**Exercise:** What you submit must be an exact copy of the listing below, with no images in it.

**Source data:**
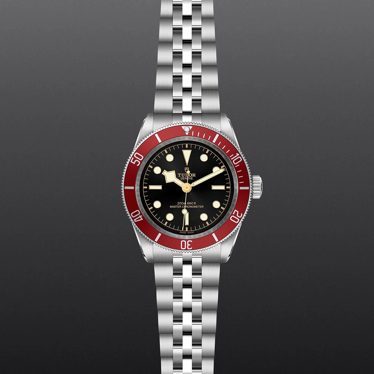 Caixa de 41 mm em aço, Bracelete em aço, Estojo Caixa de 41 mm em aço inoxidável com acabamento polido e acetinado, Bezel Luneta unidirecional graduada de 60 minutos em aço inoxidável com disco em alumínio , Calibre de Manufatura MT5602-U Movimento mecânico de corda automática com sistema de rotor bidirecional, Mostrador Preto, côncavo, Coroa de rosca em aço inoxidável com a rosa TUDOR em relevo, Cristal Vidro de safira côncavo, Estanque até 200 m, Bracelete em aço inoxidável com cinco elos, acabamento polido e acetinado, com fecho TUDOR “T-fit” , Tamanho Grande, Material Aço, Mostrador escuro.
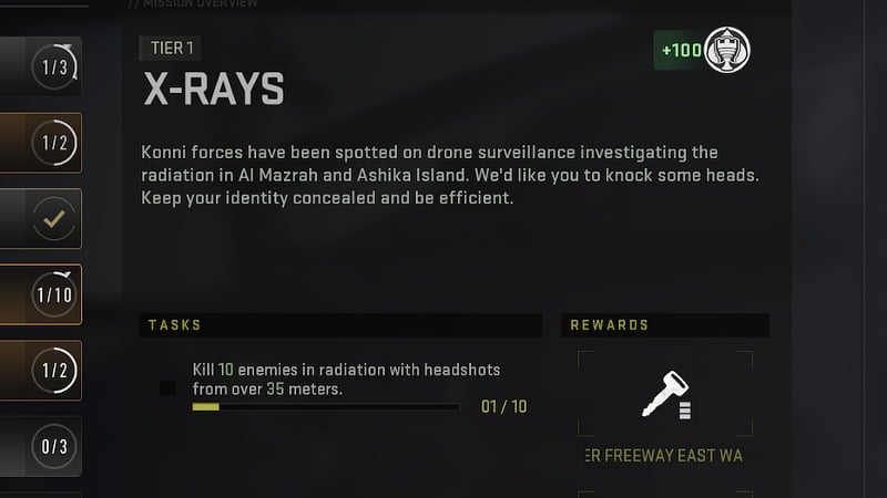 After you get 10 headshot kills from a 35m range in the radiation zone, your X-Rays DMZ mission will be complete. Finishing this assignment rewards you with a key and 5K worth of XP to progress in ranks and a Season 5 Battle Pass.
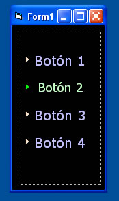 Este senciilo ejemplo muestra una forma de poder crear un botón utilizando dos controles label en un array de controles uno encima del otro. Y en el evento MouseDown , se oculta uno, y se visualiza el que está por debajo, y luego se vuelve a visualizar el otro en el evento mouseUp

**Answer:**
 Caixa de 41 mm em aço, Bracelete em aço, Estojo Caixa de 41 mm em aço inoxidável com acabamento polido e acetinado, Bezel Luneta unidirecional graduada de 60 minutos em aço inoxidável com disco em alumínio , Calibre de Manufatura MT5602-U Movimento mecânico de corda automática com sistema de rotor bidirecional, Mostrador Preto, côncavo, Coroa de rosca em aço inoxidável com a rosa TUDOR em relevo, Cristal Vidro de safira côncavo, Estanque até 200 m, Bracelete em aço inoxidável com cinco elos, acabamento polido e acetinado, com fecho TUDOR “T-fit” , Tamanho Grande, Material Aço, Mostrador escuro.
 After you get 10 headshot kills from a 35m range in the radiation zone, your X-Rays DMZ mission will be complete. Finishing this assignment rewards you with a key and 5K worth of XP to progress in ranks and a Season 5 Battle Pass.
 Este senciilo ejemplo muestra una forma de poder crear un botón utilizando dos controles label en un array de controles uno encima del otro. Y en el evento MouseDown , se oculta uno, y se visualiza el que está por debajo, y luego se vuelve a visualizar el otro en el evento mouseUp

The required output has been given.